Но, возможно, вы не хотите печатать весь этот код. Вы можете использовать функцию pandas DataFrame.describe(), чтобы получить базовую описательную статистику для базового набора данных.

datasets['Python Input'].describe().round(1)

 

Скользящие средние

Теперь предположим, что вы хотите вычислить скользящие средние, чтобы получить четкое среднее для постоянно меняющихся входных данных. Скользящие средние служат для сглаживания резких спадов и скачков в ваших данных, так что долгосрочные тренды могут стать более заметными.
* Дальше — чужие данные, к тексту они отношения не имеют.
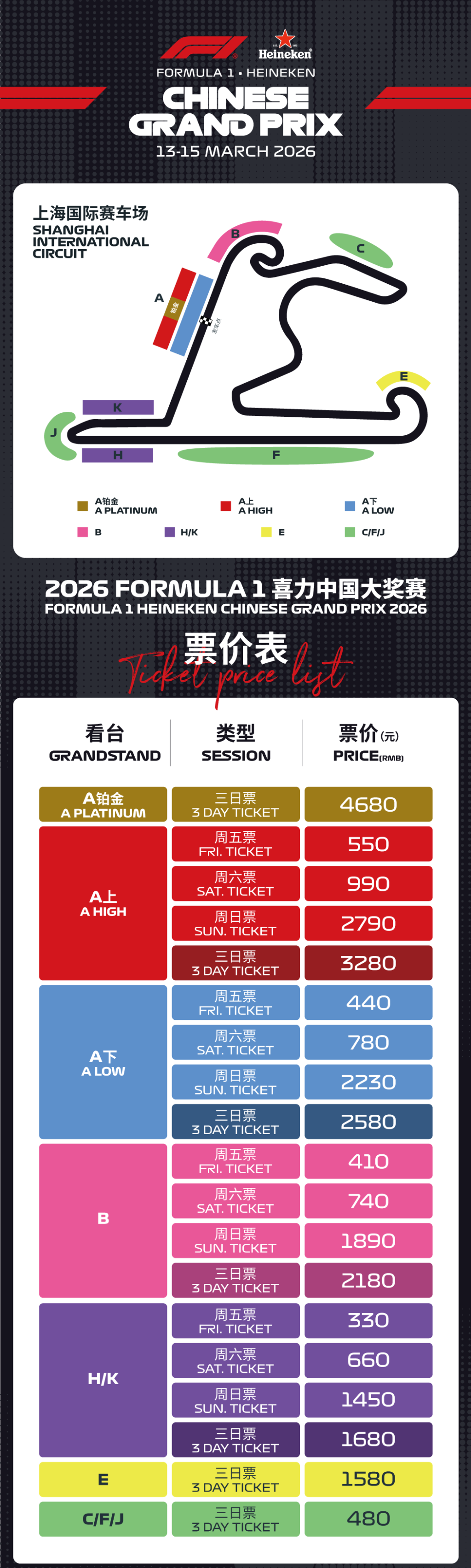 为了进一步加大市场供给,2026F1喜力中国大奖赛在现有观赛资源的基础上持续深挖,打造出了结构更丰富、场景更多样的票务产品体系。

В SQL вы можете написать запрос, подобный этому:

WITH input AS (
SELECT
  COUNT(1) AS trips,
  DATE_TRUNC('day',start_date) AS date
FROM andreyex.sf_bike_share_trip
GROUP BY 2
)

SELECT
  trips,
  AVG(trips) over (order BY date rows between 12 preceding AND current row) AS mvg_avg, -- Функция окна для расчета 13-дневной скользящей средней поездок rideshare
  SUM(trips) over (order BY date rows unbounded preceding) AS running_total_trips, -- Функция окна для вычисления общего количества поездок rideshare
  lag(trips,7) over (order BY date) AS num_trips_previous_day, -- Функция окна, чтобы захватить количество поездок в предыдущий день
  trips - lag(trips,7) over (order BY date) AS wow_difference,
  (trips - lag(trips,7) over (order BY date))/lag(trips,7) over (order BY date)::DECIMAL(18,2) AS wow_percent_change, -- Оконная функция для вычисления неделя-через-неделю-процентное увеличение в поездках
  date
FROM input
ORDER BY date;

 

В Python вы можете быстро получить ту же двухнедельную скользящую среднюю с помощью следующего кода:

import numpy as np
import pandas as pd
import matplotlib.pyplot as plt
df = datasets["Trips - Python Window"]
df["mvg_avg"] = df.trips.rolling(14).mean()

 

Кроме того, Python позволяет продвигать визуализацию еще дальше.

 

Pivot

Чтобы переупорядочить данные и сводную диаграмму или формат, готовый для презентации, вам нужно будет сделать несколько шагов в SQL. В этом примере мы собираемся повернуть строки в столбцы из набора данных игроков хоккея в Public Mode Warehouse.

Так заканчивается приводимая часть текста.